Foto Féminas presents: Mónica Lozano
A selection from Latin American and Caribbean online platform Foto Féminas, curated by Verónica Sanchis Bencomo

Mónica Lozano is a Mexican-American photographer born in El Paso, Texas, USA. She was raised across the border in Ciudad Juarez, Mexico. Lozano received her masters degree in photography at TAI, Centro Universitario de Artes in Madrid, Spain. Her work has been selected for various international photo competitions and grants.
In 2011, Lozano finished the Photo Global residency at the School of Visual Arts in New York on a presidential scholarship. Lozano’s elegant and socially charged portraits have been exhibited in Italy, Spain, Germany, France, Seoul, Indonesia, Portugal, Tunis, Chile, Greece, Morocco, Mexico and the United States.
Her work has been featured under the “One To Watch” article in American Photo Magazine and Columbia Journalism Review selected her for the “20 Women to Watch” list. In 2011, she collaborated with the TED Award winner JR and his Inside Out Project in Mexico where she coordinated and organised a massive action around the world called “Be The Change”, she was also featured in the Inside Out Movie at the 2013 Tribeca Film Festival. Lozano’s work was selected for the opening exhibition of Latin America’s first museum dedicated to photography and image founded by the Pedro Meyer Foundation in Mexico City.
Lozano is currently living in the border of Mexico and USA, teaching young students in different universities about photography and art as a way to transcend borders.

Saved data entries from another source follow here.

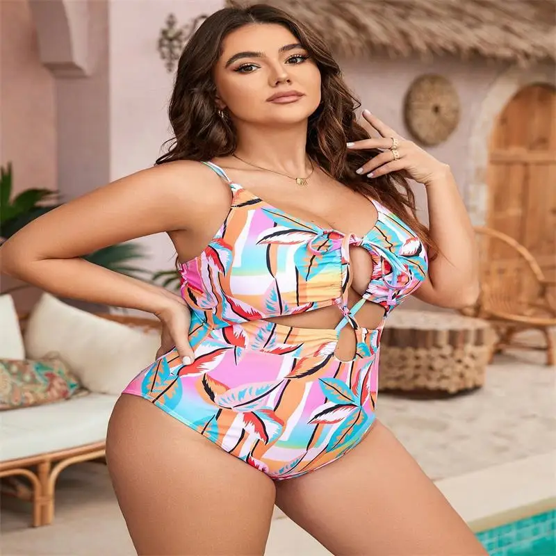 Make a statement at the beach with this striking tropical leaf print one-piece swimsuit, expertly designed for curvy figures. The cross-hollow detail at the front adds contemporary flair while the supportive straps ensure comfort and confidence. Crafted in quality fabric that moves with you, this Brazilian-style cut flatters your silhouette beautifully. Perfect for swimmers seeking both style and functionality in a plus-size fit that celebrates your curves.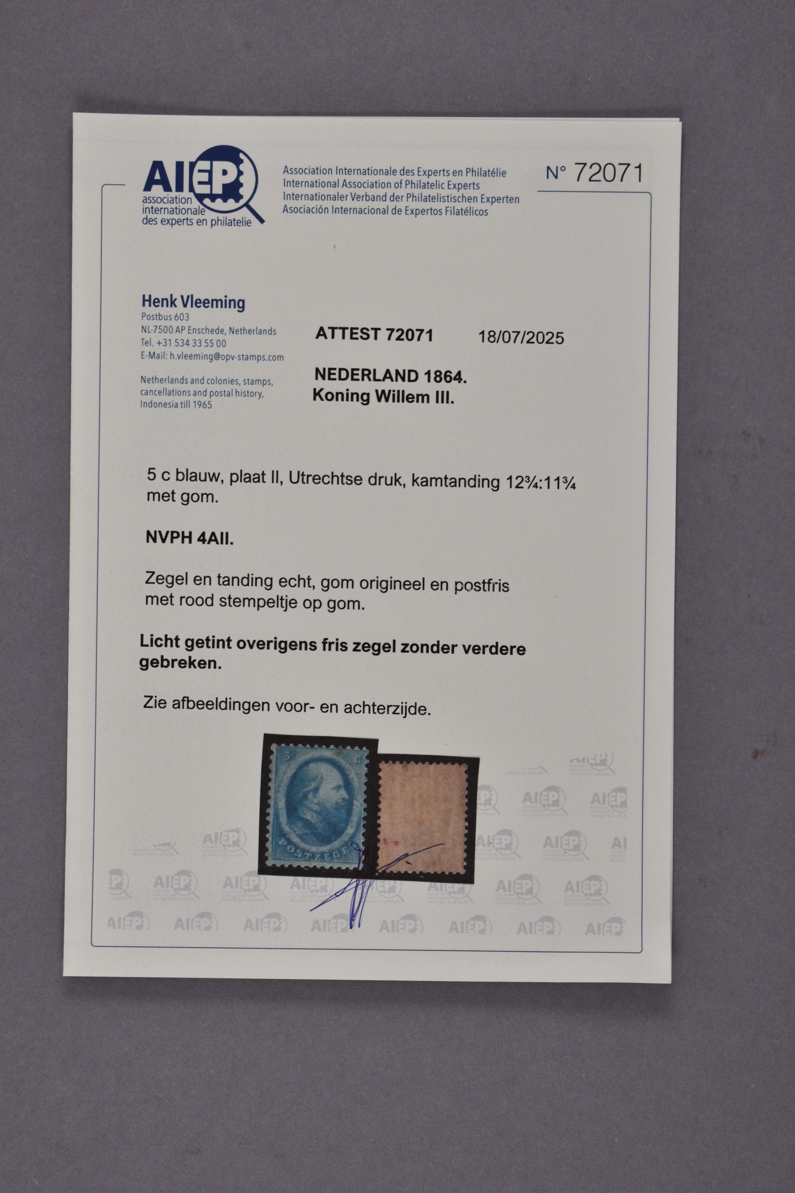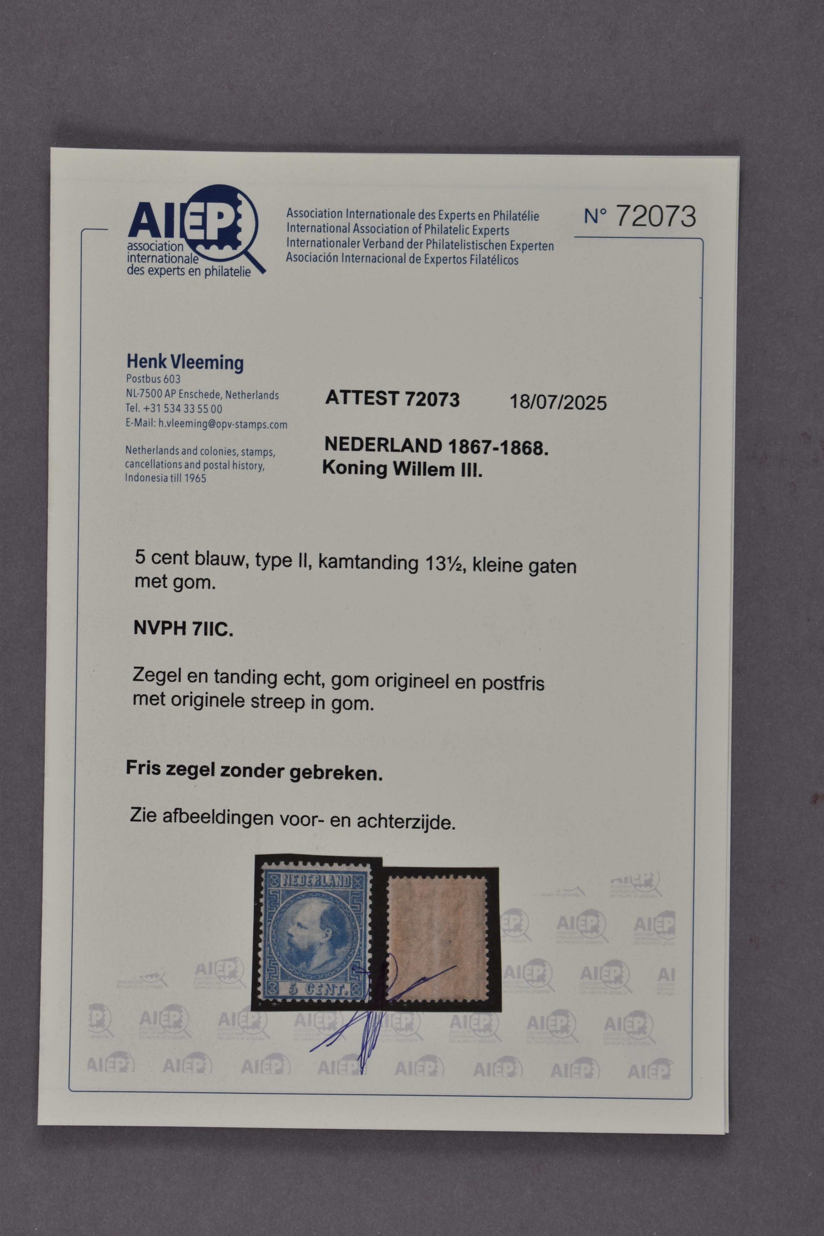 1109 nh image7IIC, 5 cent blauw, Kt. 13½ kl.g., postfris prachtex. met originele gomstreep en certificaat Vleeming (2025) € 1100 (Image) (Image2)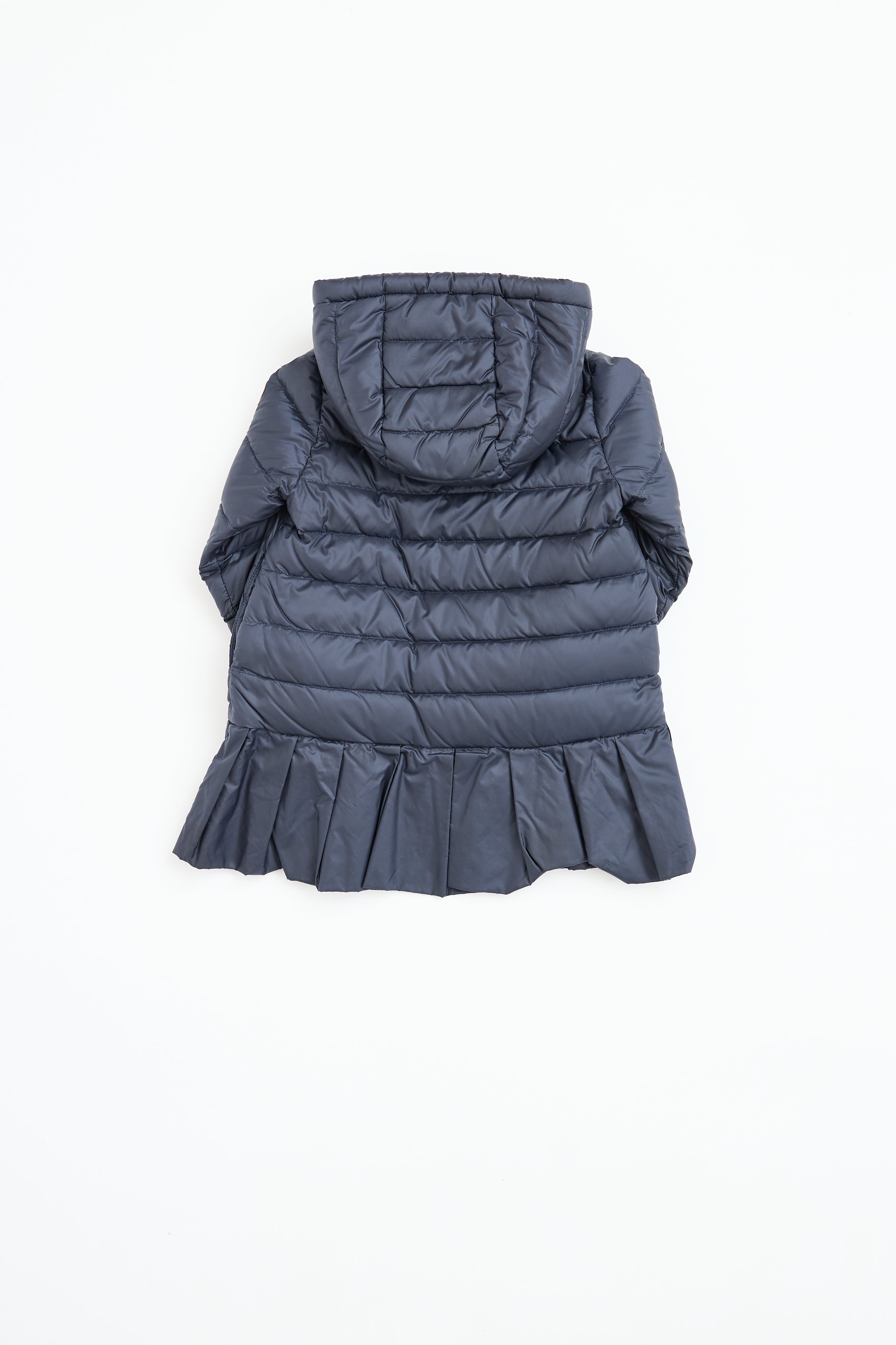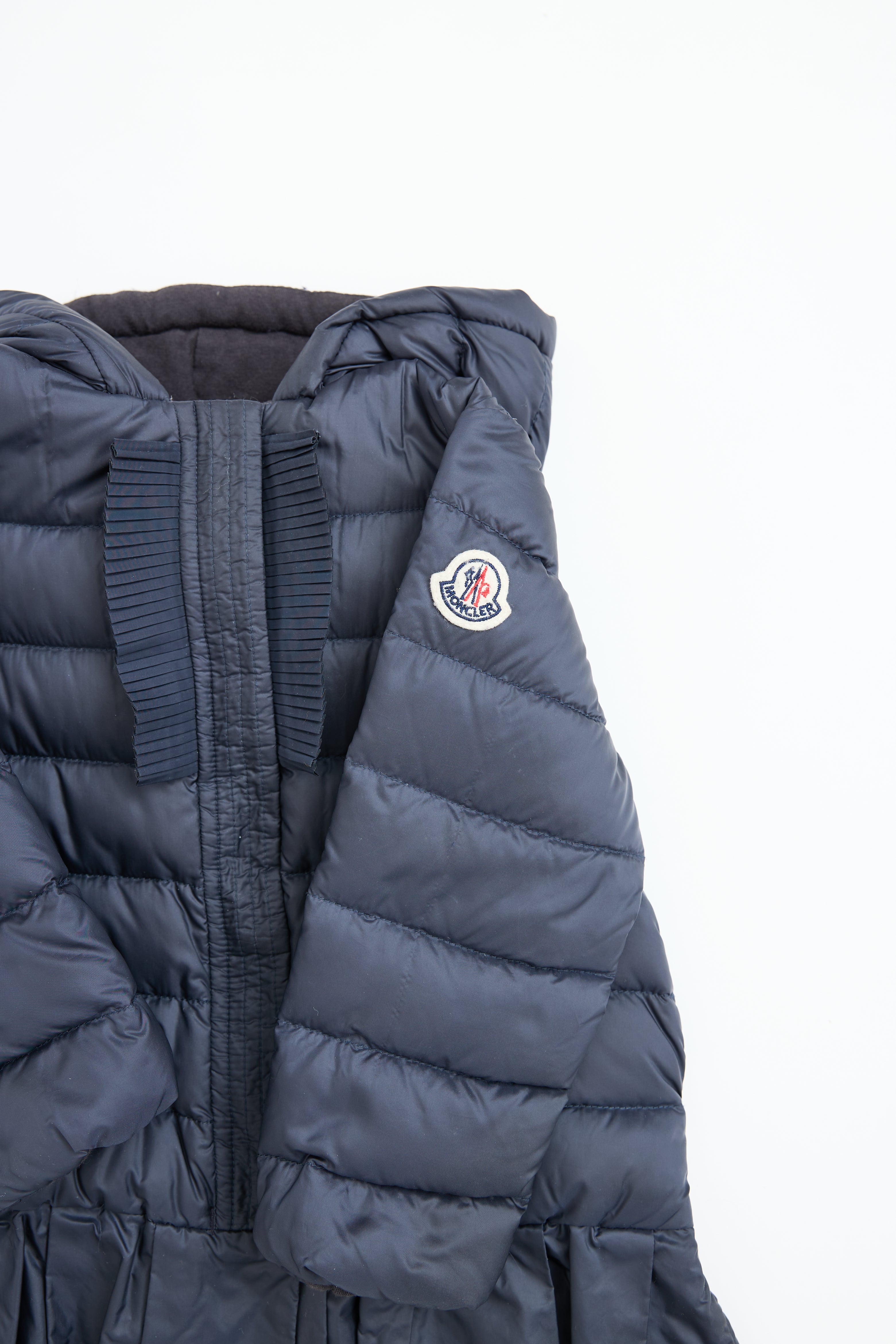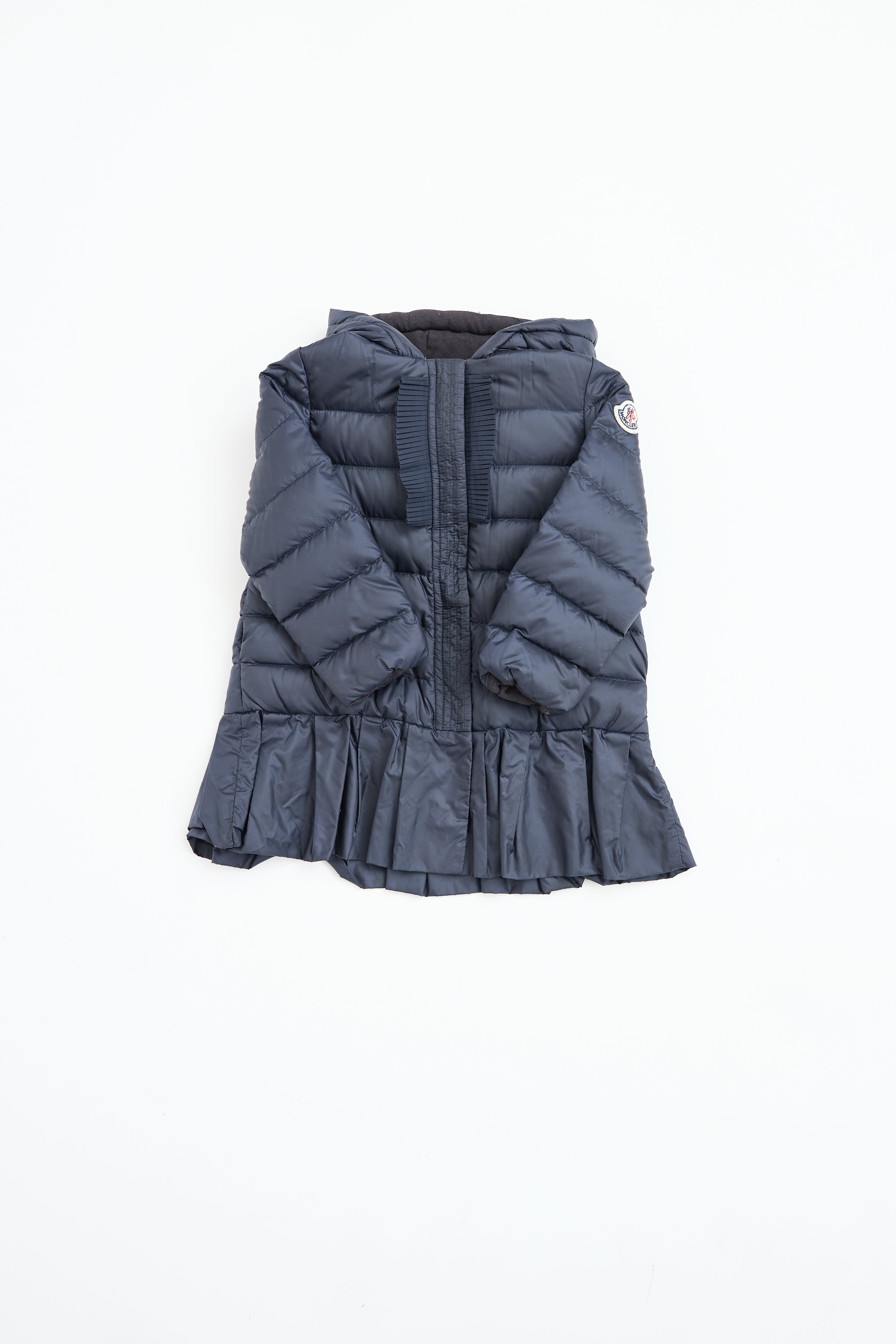 Pre-owned Moncler kids navy peplum puffer featuring a lined hood, zip and button down closure, fringe detailing at chest, logo patch at left sleeve, and peplum hem. Lined.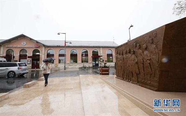 5月4日,在距法國巴黎100多公里的小城蒙塔日,《百年豐碑》大型雕塑被安放在火車站前的鄧小平廣場。新華社記者 高靜 攝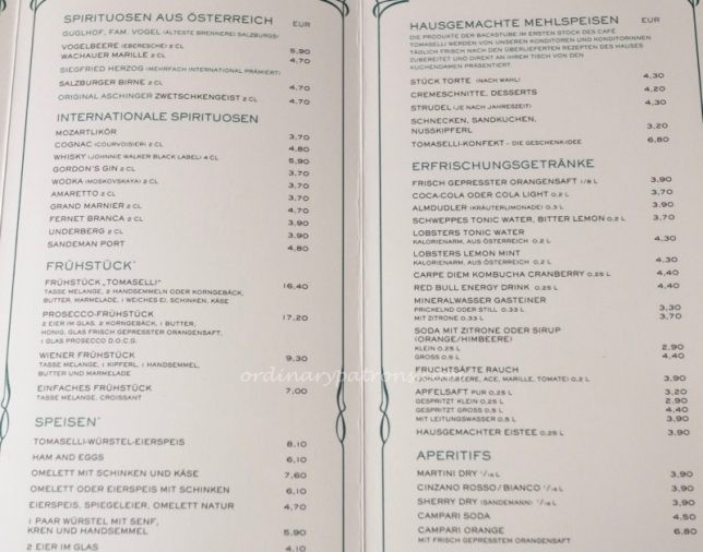 One new thing we learnt at Salzburg was the tradition of waitresses serving cake. They are referred to as “Kuchendamen” and walk to tables carrying trays of pastries. They also seem to have their own set of accounts as we pay them separately from the bill for the rest of the food and drinks. The Tomaselli Café is the last in Salzburg to preserve this tradition. This is how they describe the tradition: “The Kuchendamen” are Tomaselli’s charming “temptresses”. Without so much as a second glance, they know exactly which clients have already been served a coffee and are longing for a sweet accompaniment. “
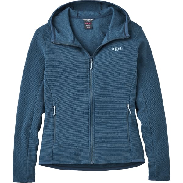 The women's STAVEL HOODY hooded jacket from Rab combines technical features with comfort for outdoor adventures.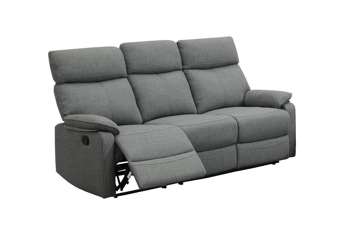 This contemporary gray burlap fabric recliner motion sofa features a high back, padded headrest, and pillow-top arms for enhanced comfort and support. Ideal for primary living spaces, it seats three and offers manual reclining for relaxation.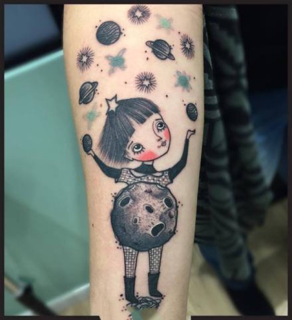 27张可爱美丽的卡通小女孩--纹身师rikkiiies的纹身图案作品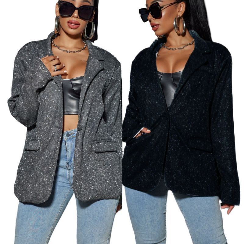 Neu Pendler Strickjacke Revers Lange ärmeln Shiny Große-größe Casual Blazer
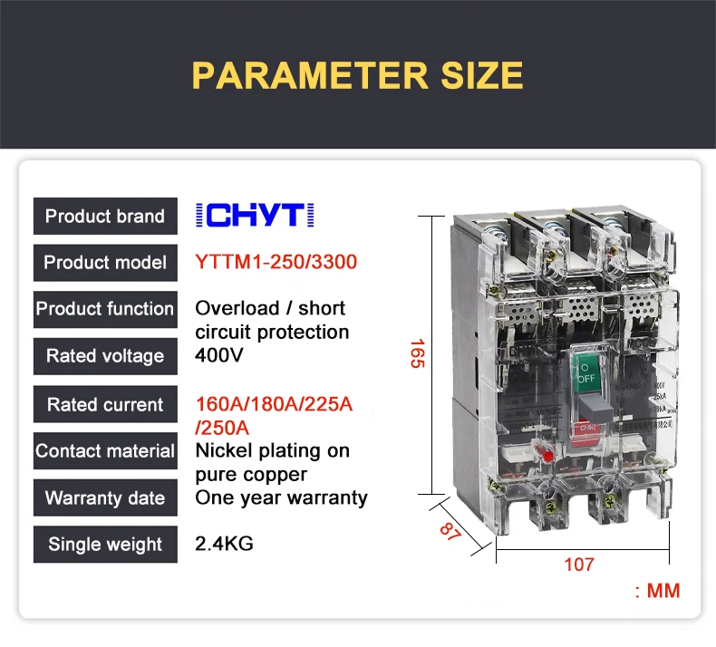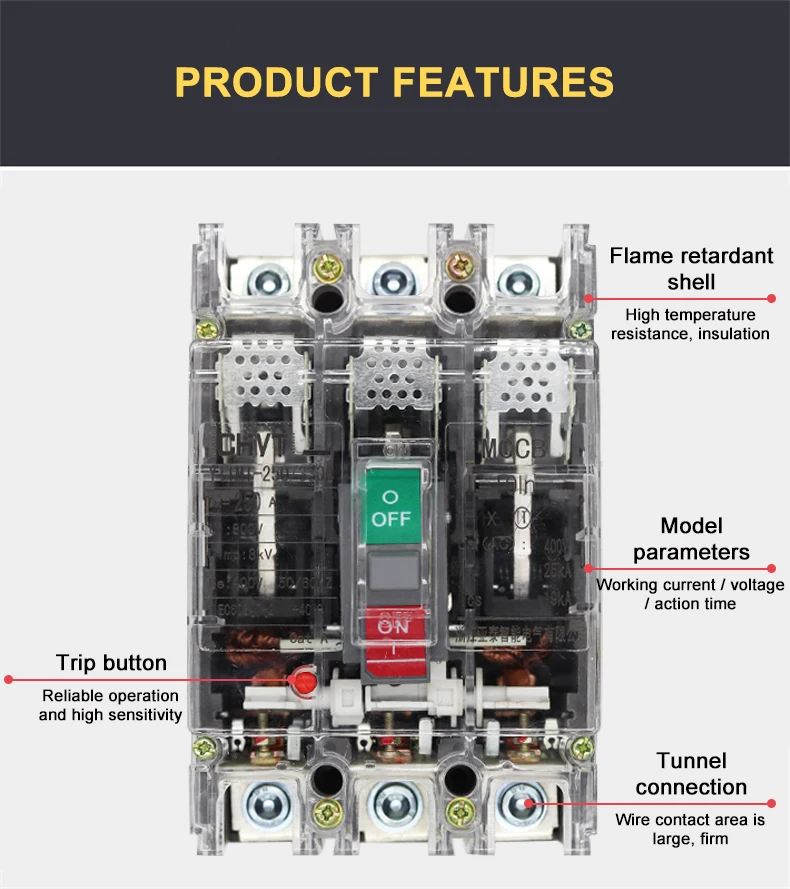 ICHYTI Литой чехол автоматический выключатель MCCB 3 P 160A 180A 200A 250A CB однофазный 3 Полюса Защита от заземления высокого тока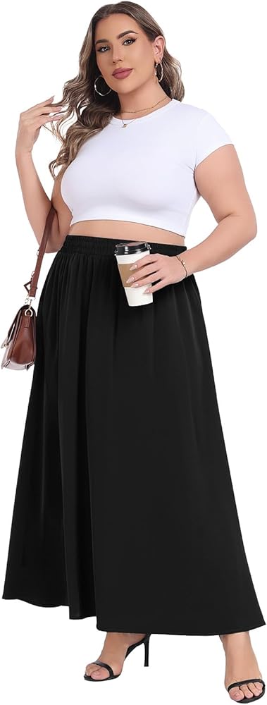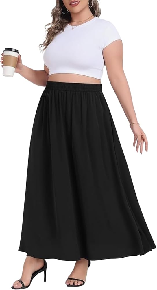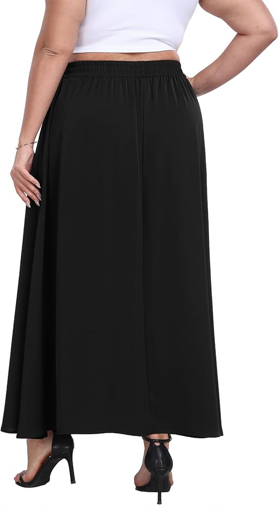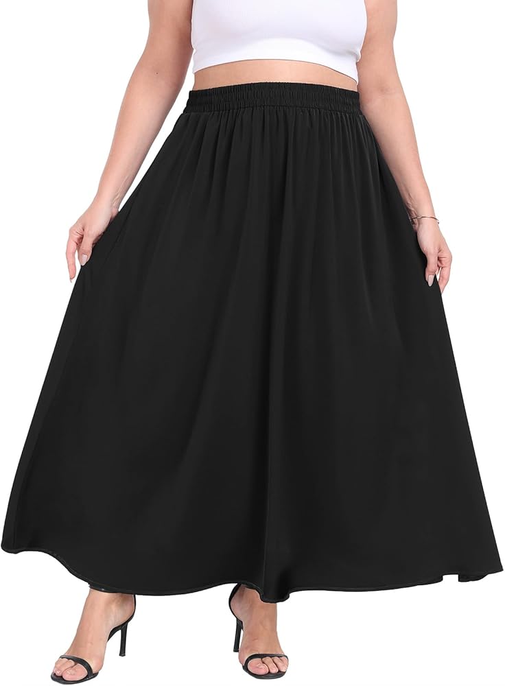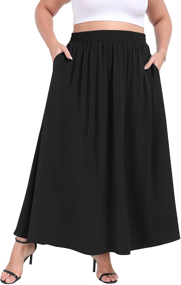 【Cute Design】:Women plus size, hide drawstring, side pockets, flowy swing beach skirts, casual boho A-line, solid&floral print, loose fit maxi long skirt. The elastic pleated high waisted guarantees freedom of movement, making it ideal for various activities. Two handy pockets integrate practicality without sacrificing style, eliminating the need to carry a purse or clutch everywhere you go.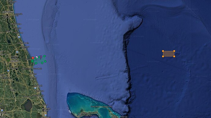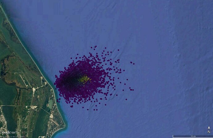 Il test sembra procedere per un lancio previsto per l’undici di gennaio alle 13 UTC (14 in Italia). La mappa indica con il puntatore rosa il centro della zona prevista per l’ammaraggio dei detriti del Falcon, con il puntatore viola la zona di splashdown della Dragon, e con il rettangolo arancione l’ eventuale splashdown the falcon in caso questo non venisse distrutto dalle forze aerodinamiche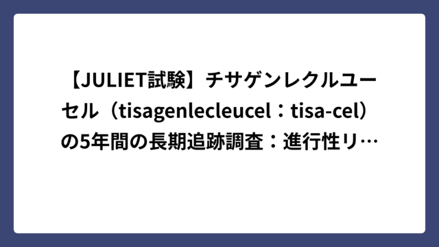 【JULIET試験】チサゲンレクルユーセル(tisagenlecleucel:tisa-cel)の5年間の長期追跡調査:進行性リンパ腫に対するCAR-T細胞療法が「治癒」をもたらす可能性

I want to begin by talking about your background. You grew up on the border between Mexico and the USA. How does growing up in that environment influence your work today?
Growing up on the border of Mexico and the US influenced my eye very profoundly. I did not know this while growing up since this was my only reality and I could not compare it to anything else. It was a constant transition between two countries that are so different. I learned how to live in the duality, in Mexico and in the US at the same time and I understood it very well. I, like many other people, was a witness to many difficult situations. My own family survived the worst years of the cartel war in 2011; this taught me how to cope with life and I believe it made me “street smart” too. The border is the place where my search for beauty began, trying to find it in the middle of life and death.
Your career began by taking a series of portraits of people on the streets of Mexico and Madrid. However, in your latest projects you have moved the subject into the photographic studio. Could you talk about how your discipline has evolved?
I love the streets and they are my constant school. After years of trying different types of photography, I found that portraiture is what I love the most and I wanted to experiment with it in the studio and see how my subjects and I reacted to this empty space. Time flows differently and the direction of the relationship of photographer and subject changes. In certain series like BORDERS, the context is not that important because the idea is precisely to decontextualise the space, so we can concentrate in the subject and the story. The use of the studio and empty space is intentional whenever I use it. For example, in Borders and Don Rene.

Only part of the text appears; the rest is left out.